NEW YORK (The Deal) -- In a surprise announcement, Tulsa, Okla., oil and gas pipeline operator Williams Companies (WMB) said Sunday night it's exploring strategic alternatives, including a sale, after rejecting an unsolicited buyout offer for $64 per share, or $48 billion. Williams didn't name the suitor, but Dallas-based Energy Transfer Equity (ETE) said in a separate statement it made an offer for $53.1 billion, including debt.
The deal, which would come in the form of shares of a new Energy Transfer Equity C-corp with the same value, represents a 32.4% premium over Williams' closing price Friday of $68.39. The exchange would be 0.9358 of an ETE Corp. share for each Williams share and ETE Corp. would be publicly traded on the Big Board under the symbol ETC.
Williams said the proposal was contingent on canceling its $13.8 billion acquisition of Williams Partners (WPZ). Williams announced that deal on May 13 for 1.115 of a Williams share for each Williams Partners unit.
Williams said it carefully considered the deal with outside financial and legal advisers and determined that it "significantly" undervalues it and wouldn't deliver value "commensurate" with what Williams expects to achieve on a standalone basis and through growth initiatives, including buying Williams Partners.
Williams said it will continue to work toward closing the Williams Partners transaction through the strategic review process, which could include a merger, sale of Williams or continuing to pursue its operating and growth plan. Williams is expecting a third-quarter close if the deal is approved by Williams shareholders.
"Our board and management team remain committed to acting in the best interests of shareholders, and in light of the unsolicited proposal, our board believes it is in the best interest of shareholders to conduct a thorough evaluation of strategic alternatives," Williams CEO and president Alan Armstrong said in a statement. "Williams' premier infrastructure connects the best natural gas supplies to the best market and our strategy has provided substantial shareholder value allowing us to deliver a compound annual dividend growth rate of approximately 30% since we embarked on our strategy in 2012."
Armstrong added management expects the growth of the business and the benefits from the Williams Partners transaction will help the company achieve 10% to 15% dividend growth through 2020. "We are confident in our strategic plan and the significant value that will be created through the acquisition of WPZ and our large portfolio of growth projects," he said. "At the same time, we are open minded and committed to ensuring that Williams is maximizing value for shareholders."
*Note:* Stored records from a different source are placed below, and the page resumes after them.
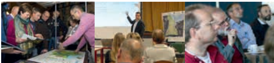
Bewoners en ondernemers uit Zeeland praten over uitbreiding van hun dorp onder leiding van TNO.

Marc Rijnveld en Mike Duijn, TNO www.tno.nl
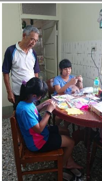
說明：用母語搭起祖孫之間的橋樑
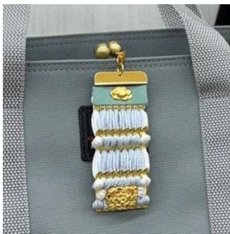
絨（おどし）体験 （工房武久） 4,000 円／30～50 分
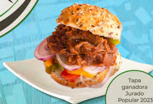
Tapa ganadora Jurado Popular 2023 Jackaroo Australian Bar
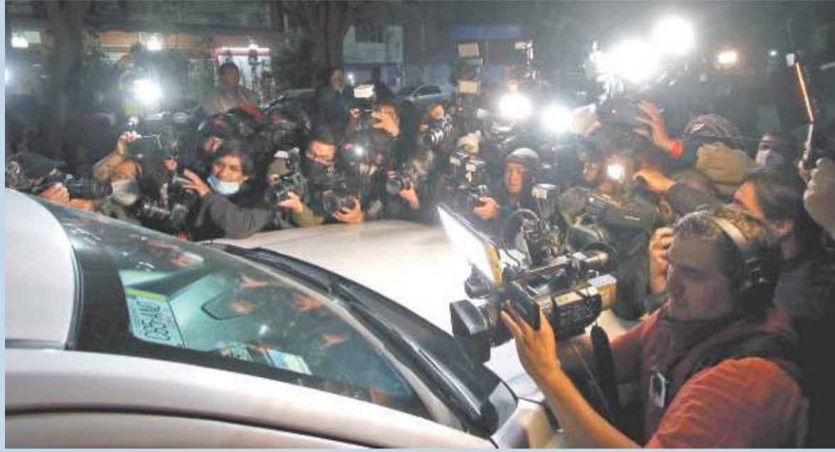
Con cámaras fotográficas y de video, periodistas se abalanzaron sobre el convoy para ubicar al exfuncionario.
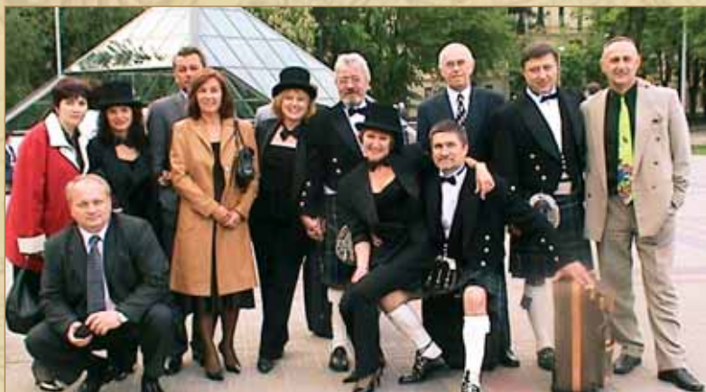
После выступления на 43-й (Вентспилской) Балтийской встрече. Рига, май 2004 г.
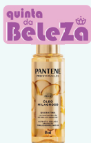
Óleo Milagroso 95ml Queratina Pantene
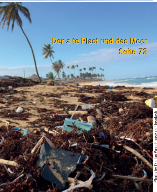
Der alte Plast und das Meer Seite 72
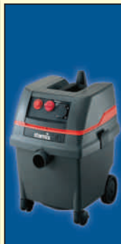
ISARD 1225 EWS
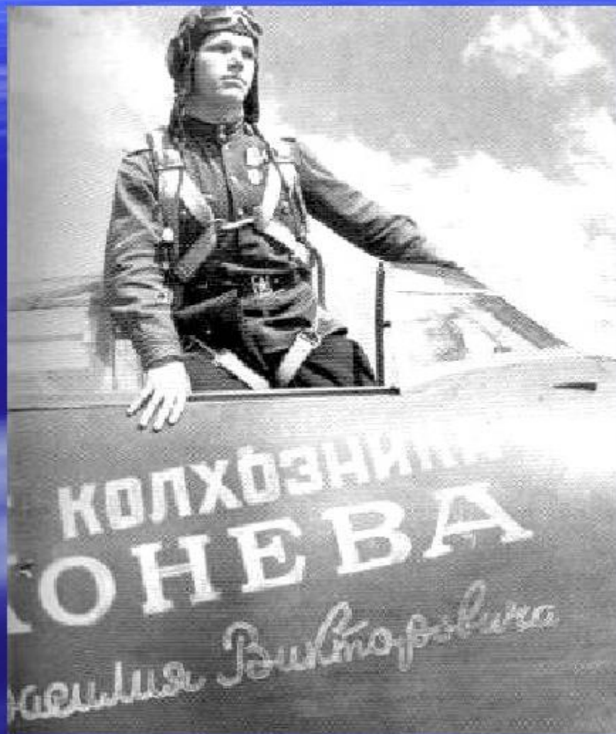
Ла-5 И.Н. Кожедуба на составе 240-го ИАП.

Лишь в 1943 году Кожедуб попал на фронт. Мастерски владея истребителем, он стал одерживать победы. Уже в феврале 1944 года за 26 сбитых самолетов врага ему было присвоено звание Героя Советского Союза ( в августе 1944 года он стал дважды героем)

Energy Transfer Equity said the offer, which has been in the works for six months, was made on May 19 to Armstrong and on June 11 and 18 to the company's board after Williams' announcement that it was buying Williams Partners. It thinks its offer is more compelling and is "disappointed" that it had to publicly confirm its offer for Williams.
"Unfortunately, until Williams' announcement today, Williams' management has inexplicably ignored ETE's efforts to engage in a discussion with Williams regarding a transaction that presents a compelling value proposition for its stockholders," Energy Transfer Equity said. "After the WPZ merger announcement, ETE believed that it had no other choice but to provide the detailed terms of its interest to the Williams board. Now that Williams has finally responded, ETE intends to engage with Williams to the extent that Williams undertakes a fair and even-handed process."
Energy Transfer Equity chairman Kelcy Warren said in a statement that he generally hasn't been supportive of transactions that involve the partnership's units as he believes they are significantly undervalued, but he believes the combination with Williams will create substantial value that wouldn't otherwise be realized. "I am truly excited at the prospect of bringing together these two businesses under a common platform and creating additional value for every stakeholder," he said.